> Required action
The answer should hold only the lines from the beginning of the material through the one with "ادارة ومنسقين ومنتسبين", reproduced exactly and without pictures.

> Given information
————

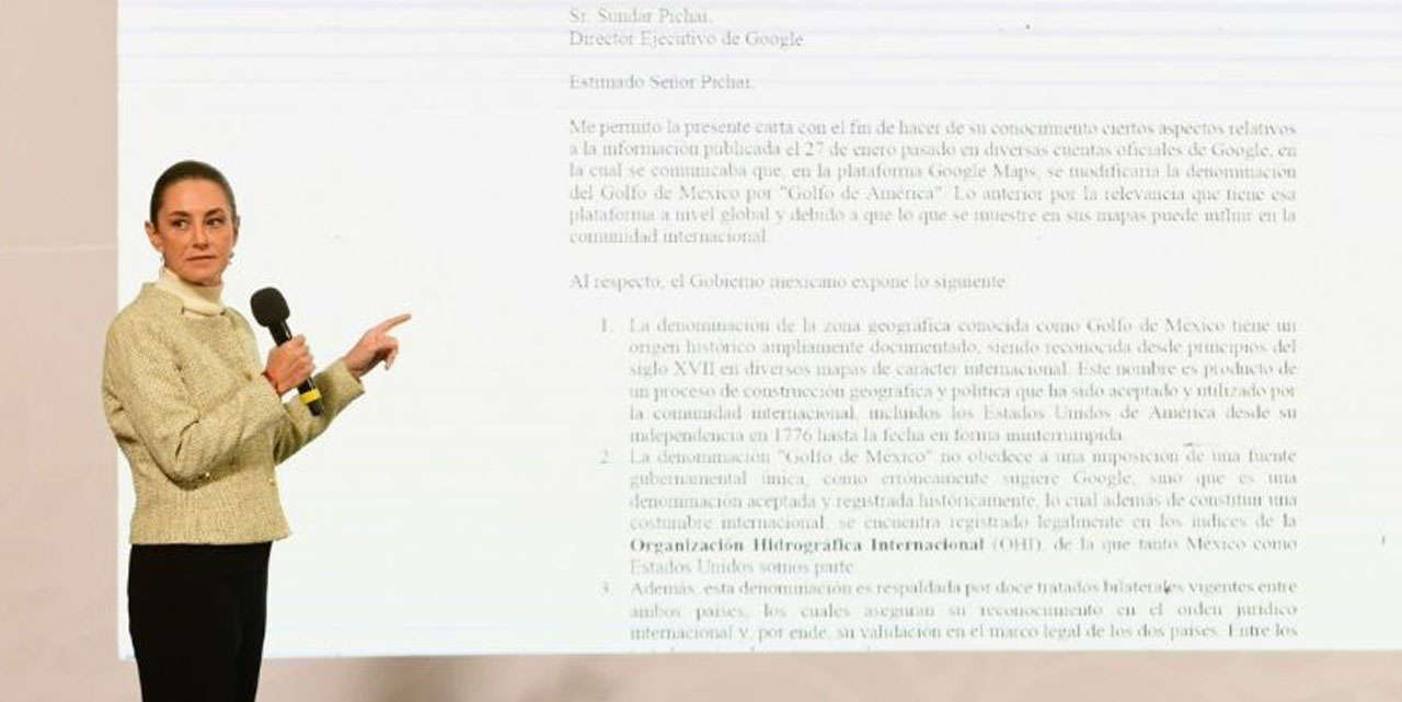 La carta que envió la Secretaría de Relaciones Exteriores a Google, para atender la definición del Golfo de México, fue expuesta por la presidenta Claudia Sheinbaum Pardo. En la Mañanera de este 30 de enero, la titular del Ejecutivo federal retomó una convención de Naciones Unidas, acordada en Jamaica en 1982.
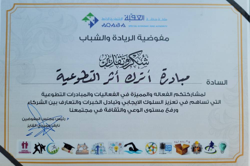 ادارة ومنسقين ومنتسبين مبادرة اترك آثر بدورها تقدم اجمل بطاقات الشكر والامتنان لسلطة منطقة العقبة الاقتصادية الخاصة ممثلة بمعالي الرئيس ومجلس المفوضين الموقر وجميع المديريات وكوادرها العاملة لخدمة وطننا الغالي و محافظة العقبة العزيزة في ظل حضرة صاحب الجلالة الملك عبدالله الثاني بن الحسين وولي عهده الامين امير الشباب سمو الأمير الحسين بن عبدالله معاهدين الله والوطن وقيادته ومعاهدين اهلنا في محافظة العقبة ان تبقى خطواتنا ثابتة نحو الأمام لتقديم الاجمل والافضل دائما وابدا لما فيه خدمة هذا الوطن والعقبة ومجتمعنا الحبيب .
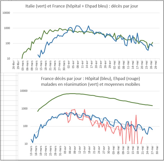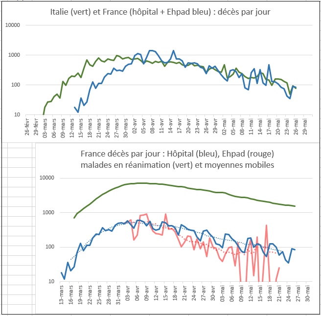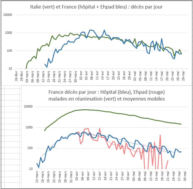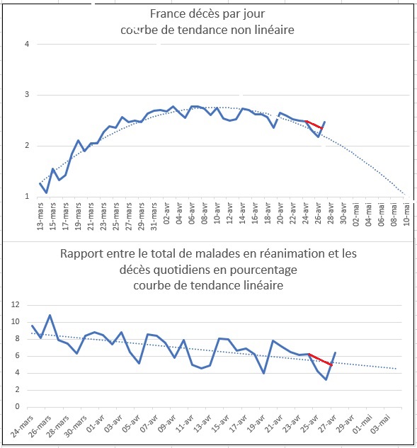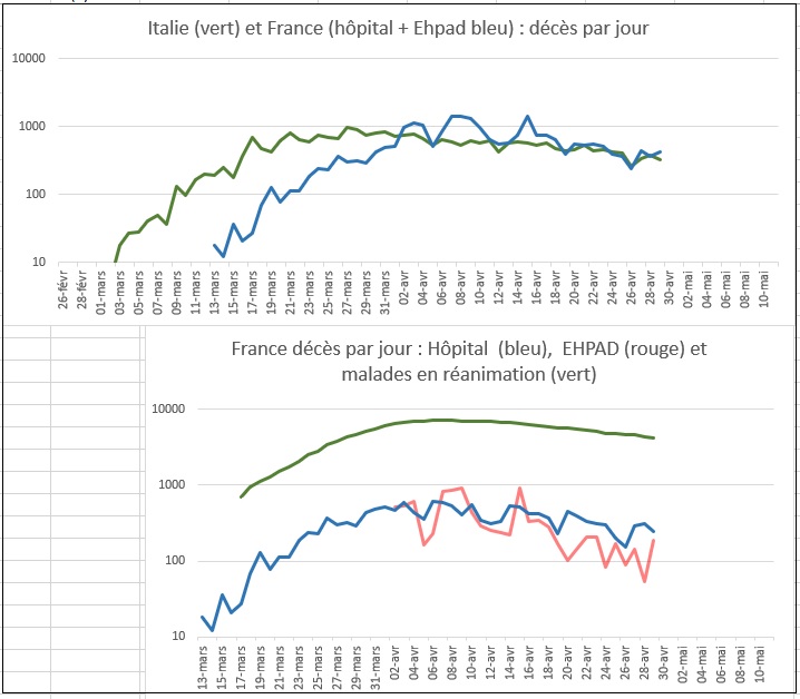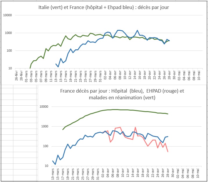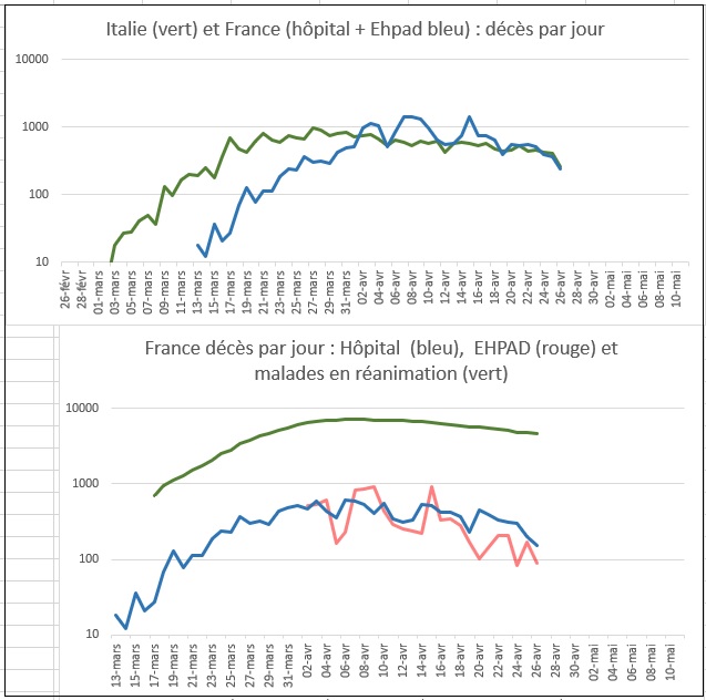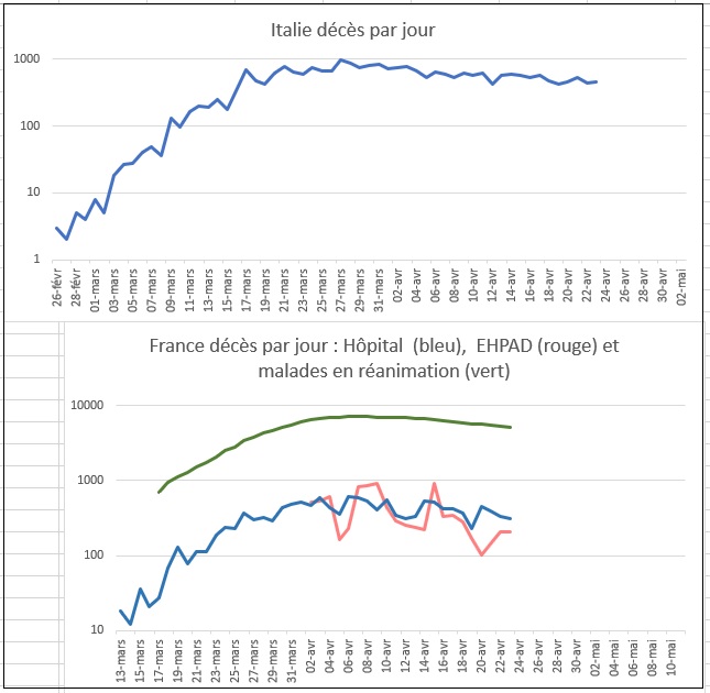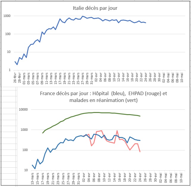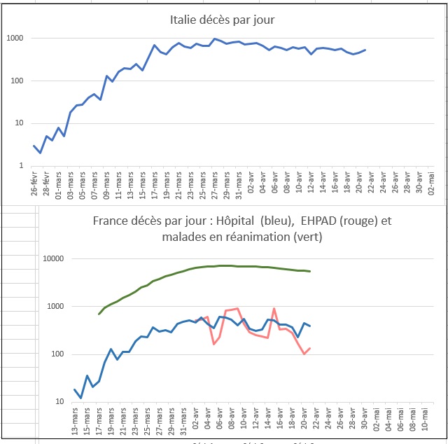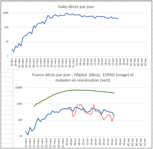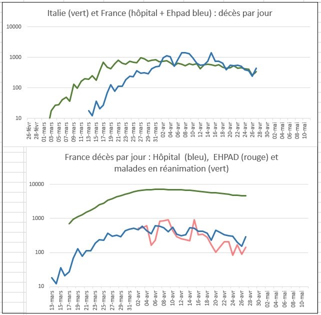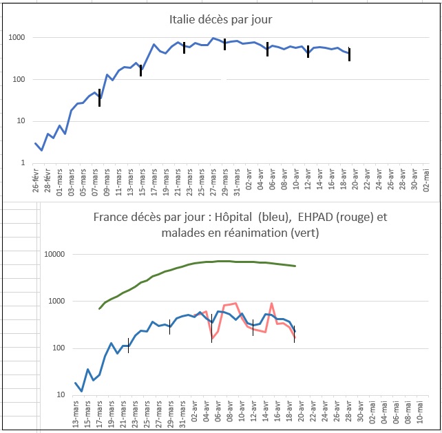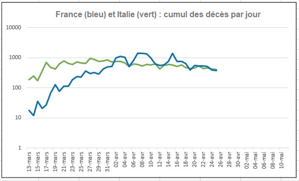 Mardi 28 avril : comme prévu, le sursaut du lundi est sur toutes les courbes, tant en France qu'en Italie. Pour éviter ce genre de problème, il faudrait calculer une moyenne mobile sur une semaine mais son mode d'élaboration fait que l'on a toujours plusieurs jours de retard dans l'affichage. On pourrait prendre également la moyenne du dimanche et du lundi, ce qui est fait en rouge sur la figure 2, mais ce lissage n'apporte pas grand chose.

————

> Answer below
 La carta que envió la Secretaría de Relaciones Exteriores a Google, para atender la definición del Golfo de México, fue expuesta por la presidenta Claudia Sheinbaum Pardo. En la Mañanera de este 30 de enero, la titular del Ejecutivo federal retomó una convención de Naciones Unidas, acordada en Jamaica en 1982.
 ادارة ومنسقين ومنتسبين مبادرة اترك آثر بدورها تقدم اجمل بطاقات الشكر والامتنان لسلطة منطقة العقبة الاقتصادية الخاصة ممثلة بمعالي الرئيس ومجلس المفوضين الموقر وجميع المديريات وكوادرها العاملة لخدمة وطننا الغالي و محافظة العقبة العزيزة في ظل حضرة صاحب الجلالة الملك عبدالله الثاني بن الحسين وولي عهده الامين امير الشباب سمو الأمير الحسين بن عبدالله معاهدين الله والوطن وقيادته ومعاهدين اهلنا في محافظة العقبة ان تبقى خطواتنا ثابتة نحو الأمام لتقديم الاجمل والافضل دائما وابدا لما فيه خدمة هذا الوطن والعقبة ومجتمعنا الحبيب .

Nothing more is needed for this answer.